When the leaders of Assam tried to establish Assamese as the official language, the Cachar district, which is populated by a predominantly dominant Bengali speaking people, Wanted the right to study Bengali in school, college and other religious institutions. Because not only Assamese is a comparatively new language with doubtful literary works but also as analysts feel it does not have anything substantial to offer to readers and students in any way. But the establishment tries to overlook the local resaoning and military fired hundred of rounds of bullets to inncoecnt people who assembled near the railway station for a peaceful meeting. More than 11 persons lost their life and women consisted a significant number. Miss. Kamala Bhattacharjee was the first to embrace the bullet. Barak Valeey and Bengalis all over the world still rememeber those innocents who lost their lives for their language.

In the 1980s the Brahmaputra valley saw a six-year Assam Agitation that began non-violently but became increasingly violent. The movement tried to force the government to identify and deport foreigners who, the natives maintained, are illegally inundating the land from neighboring Bangladesh and changing the demographics. Critics called it a xenophobic reaction of a racist people. The agitation ended after an accord between the leaders of the agitation and the Union Government. Most of the accord remains unimplemented today, a cause for a simmering discontent.

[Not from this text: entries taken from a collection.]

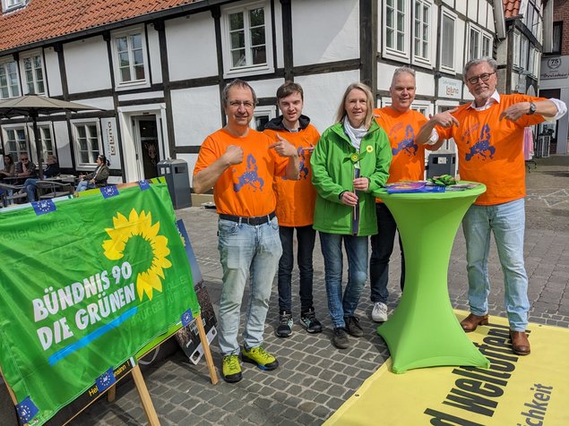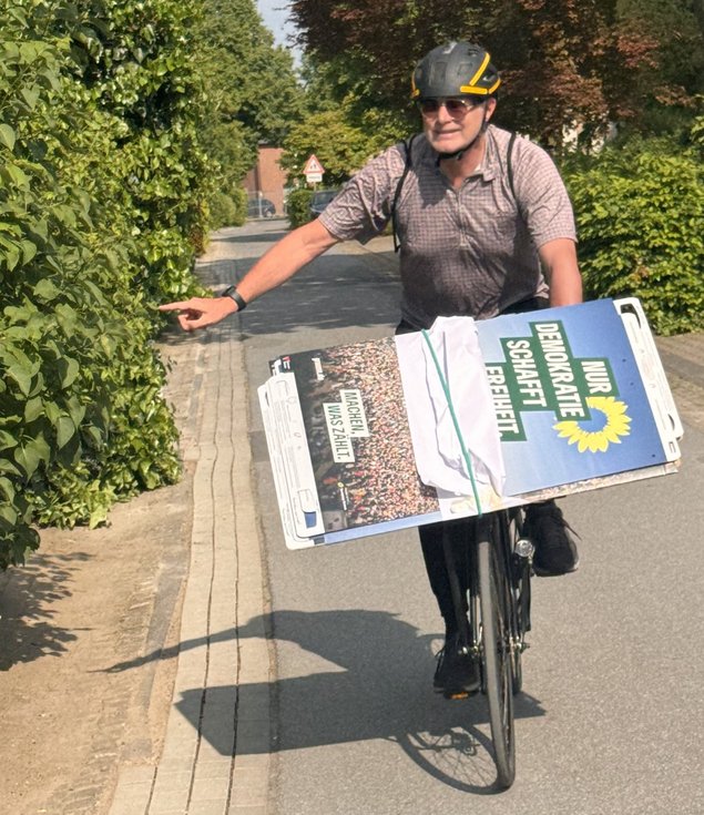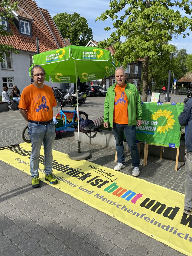 Schon im Sommer 2021 machte Sebastian Stölting Haustürwahlkampf mit uns in Rheda und Wiedenbrück - damals als Bundestagskandidat für den Kreis Gütersloh. Heute war er wieder mit Christiane Braun in Wiedenbrück unterwegs, um Werbung für die Europawahl am 9. Juni zu machen. Diesmal ist es besonders wichtig, alle Wahlberechtigte zur Wahl einer demokratischen Partei aufzurufen, um einen Rechtsruck in Europa zu verhindern. Und natürlich um die Grünen im Europaparlament zu unterstützen, sowohl unsere Spitzenkandidatin Terry Reintke als auch ihr vielen fleißigen Kolleg*innen, von denen einige in letzter Zeit bei uns im Kreis zu Besuch waren. Gestern war in Harsewinkel Martin Häusling (Landwirtschaft), vorgestern in Gütersloh Alexandra Geese (Digitalitisierung, gegen Hass und Hetze im Internet), im März in Rheda-Wiedenbrück Anna Cavazzini (Lieferkettengesetz, Recht auf Reparatur), und am Montag ist in Gütersloh Jutta Paulus (Naturschutz und Biodiversität).
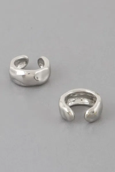 Modern Shiny Ribbed Leaf Drop Earrings In Silver
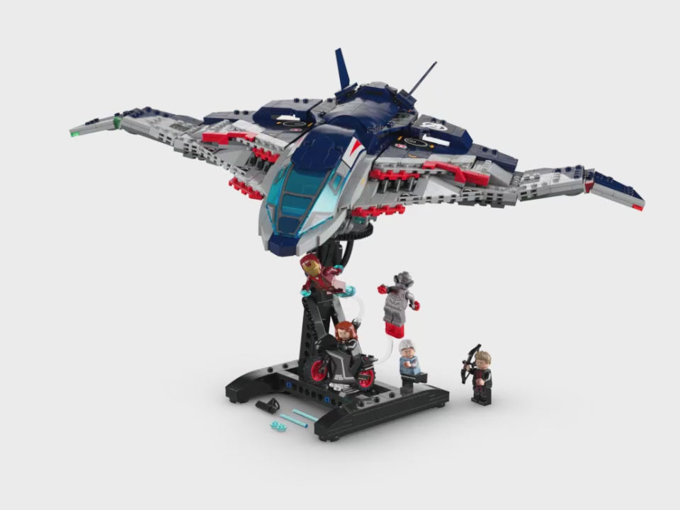 - Quinjet de los Vengadores: La aeronave está equipada con cabina abatible, 2 cañones frontales que disparan, espacio para guardar armas y compuerta trasera que se abre para cargar la moto o sacarla
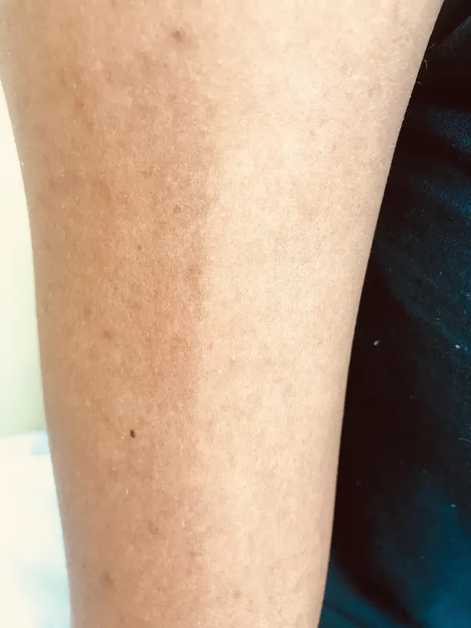 它一般是对称性、双侧分布,从图中可以看出,它的分界线非常清晰。这种对比在深色皮肤中更为明显,并且会因日晒或妊娠而变得更加清晰。
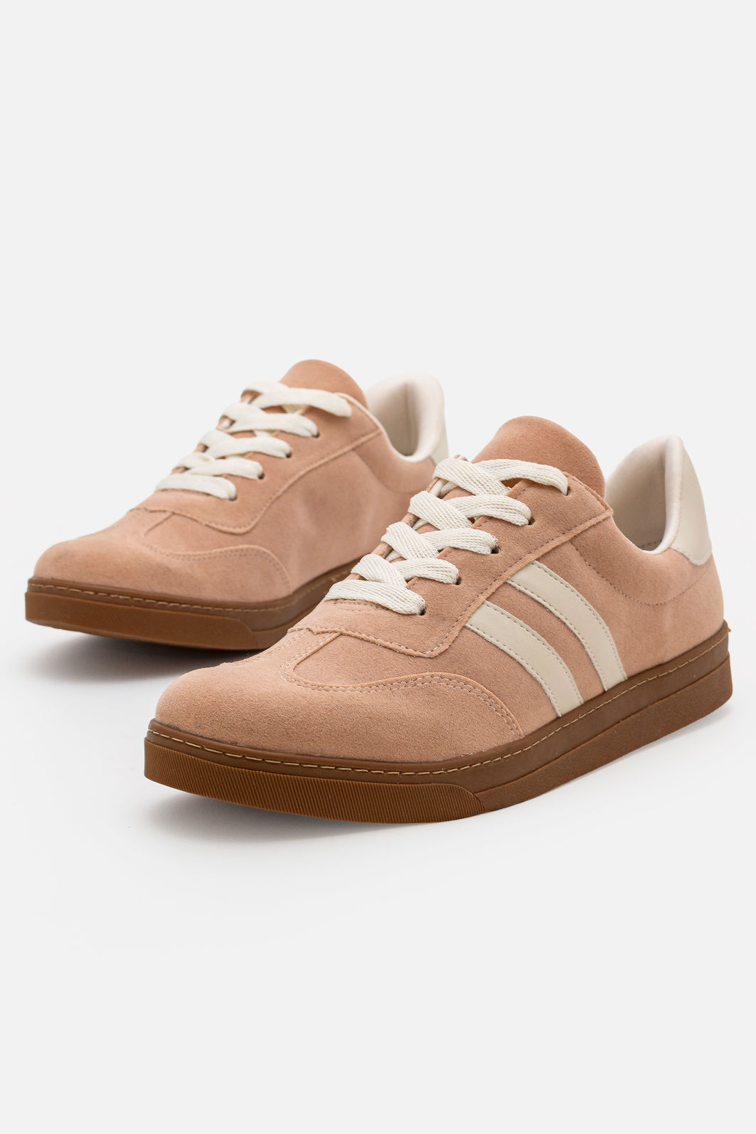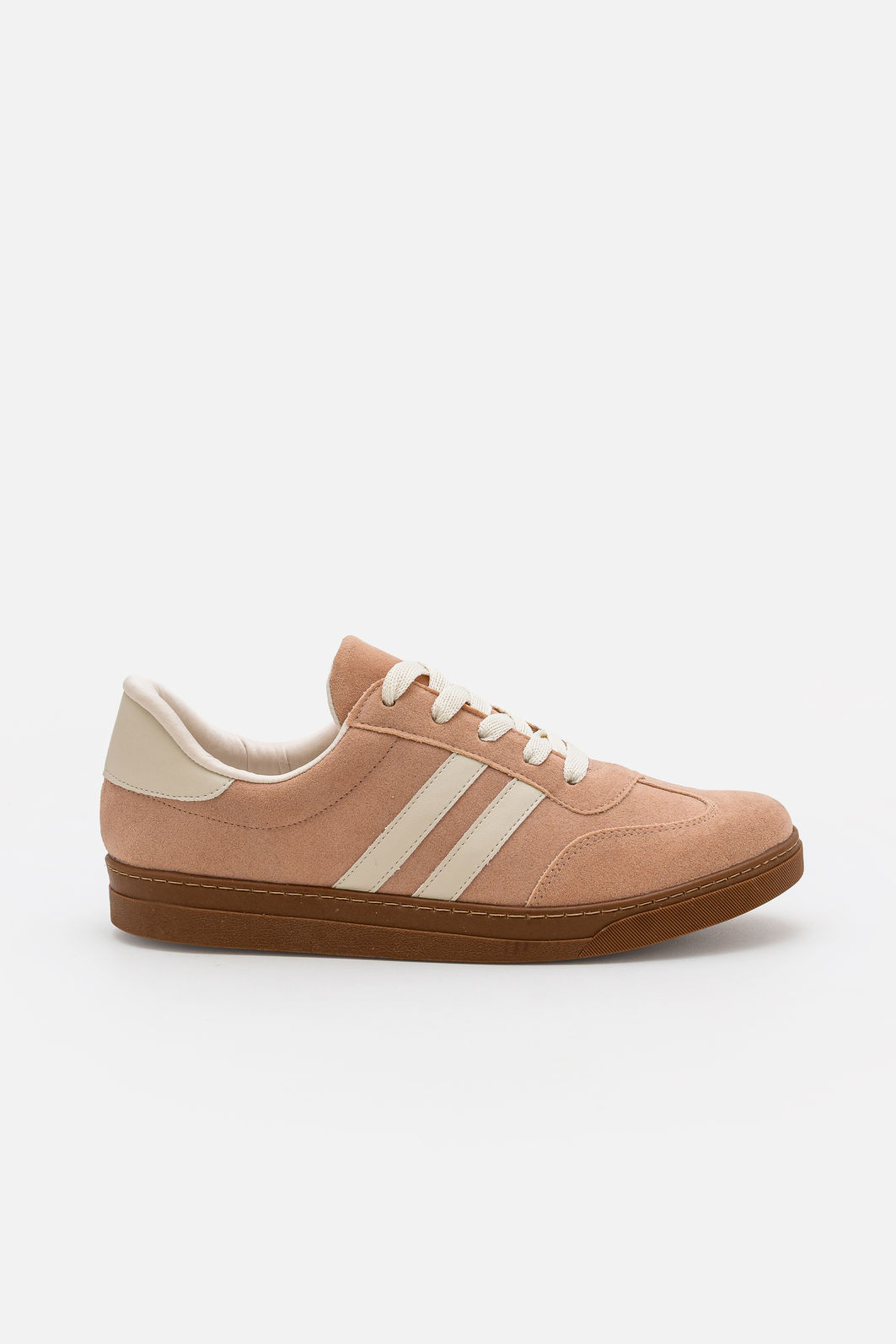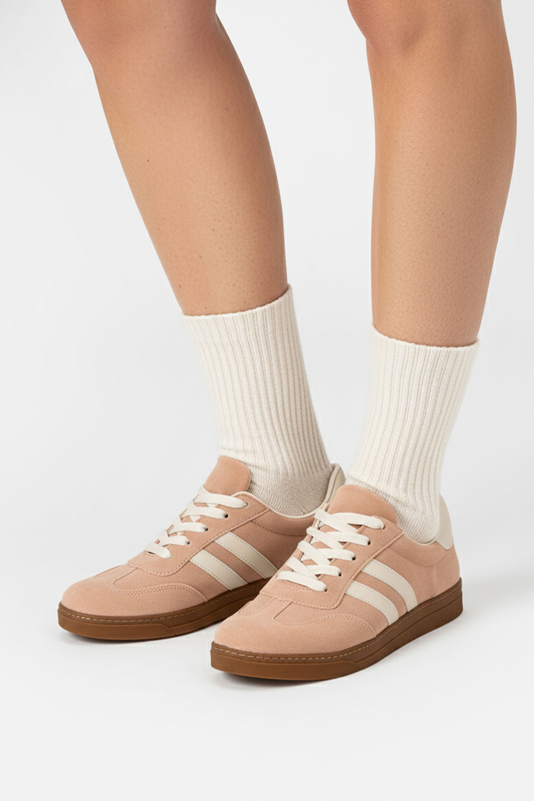 O Tênis Casual em Camurça Rose Antigo traduz a elegância do estilo minimalista com um toque delicado de cor. Seu design combina linhas clássicas e acabamento impecável em camurça macia, resultando em um visual leve e sofisticado. O tom rose antigo traz feminilidade com discrição, enquanto as listras laterais em tom neutro reforçam o equilíbrio visual e a estética atemporal.

This was followed by demands for greater autonomy especially by the Bodos in the later 1980s and 1990s. The period also saw the growth of armed secessionist groups like United Liberation Front of Asom (ULFA) and National Democratic Front of Bodoland (NDFB). The union government responded by deploying the Indian army to control the situation in November 1990, leading to claims of human rights violations. The Indian army deployment has now been institutionalized under a Unified Command. Worsening inter-ethnic relationships also marked this period.

The 2000s saw inter-ethnic killings, especially in the Karbi and Cachar hills (e.g the Hmar-Dimasa conflict).